Tumben PSIM menang dengan PERSIK

Posted on January 10, 2011

0


Hehe…iya nich.. kalau lihat televisi biasanya PSIM kalah. ya..gpp..sekarang cukup terhibur, PSIM bisa menang. Menang lagi yach..jangan sekali dua kali.

DIVISI UTAMA
PSIM Taklukkan Persik 2-0
Senin, 10 Januari 2011 | 18:18 WIB

Laporan wartawan KOMPAS Mohamad Final Daeng

YOGYAKARTA, KOMPAS.com — Tuan rumah PSIM Yogyakarta menaklukkan Persik Kediri dengan dua gol tanpa balas dalam lanjutan pertandingan Grup II Divisi Utama Liga Ti-Phone Indonesia di Stadion Mandala Krida Yogyakarta, Senin (10/1/2011) sore. Dengan hasil ini, PSIM terus menguntit Mitra Kukar sebagai pemuncak sementara klasemen Grup II.
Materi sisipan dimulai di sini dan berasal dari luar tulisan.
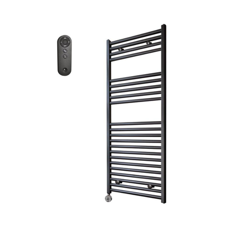 Sanicare HVS Radiateur électrique - 111,8x60cm - 730W - avec télécommande - thermostat - chrome - en bas à gauche - noir mat

Saat ini, PSIM menduduki peringkat kedua klasemen dengan poin 18, sama dengan Mitra Kukar, tetapi kalah selisih gol dan dua pertandingan di tangan. Adapun Persik Kediri tetap berada di posisi ketiga dengan poin 15.

Kedua gol PSIM diborong oleh striker Engkus Kuswaha pada menit ke-19 dan 68. Hujan deras yang terjadi pada babak kedua sempat membuat permainan terhambat karena bola yang tak mengalir.

PSIM sukses menekan barisan dua kali juara Liga Indonesia itu sejak menit pertama melalui trio penyerang, yaitu Steven Anderson, Engkus, dan Elthon Maran. Persik hanya bisa melancarkan serangan balik melalui striker Andrian Trinidad dan sayap kiri Faris Aditama.

Gol pertama berawal dari kerja sama Elthon dan Steven di kotak penalti Persik pada menit ke-19. Umpan tarik Elthon dari sisi kiri gawang Persik disambut tendangan setengah voli yang membentur tanah dan tak bisa dicegah oleh kiper Hery Prasetyo.

Adapun gol kedua bermula dari tendangan bebas Topas Pamungkas di babak kedua. Bola dari sisi kiri pertahanan Persik disambut sundulan lambung Steven dalam kotak penalti. Bola yang sebenarnya jatuh di kaki Slamet Sampurno lolos karena lapangan yang becek. Situasi itu dimanfaatkan oleh Engkus, yang sudah menunggu di dalam kotak penalti untuk menceploskan gol kedua.

Seusai pertandingan, Pelatih PSIM Maman Durachman mengaku puas dengan penampilan disiplin anak asuhnya yang membuat dua striker Persik, Andrian dan Wawan Widiantoro, tak berkutik. “Instruksi saya untuk mensterilkan kotak penalti berjalan baik,” katanya.

Tapi memang kita akui bahwa masih mending kalau sering menang di kandang daripada udah di kandang kalah, tandang apalagi. Klub yang kuat biasanya di kandang selalu menang, dan kemudian sering menang di tandang juga.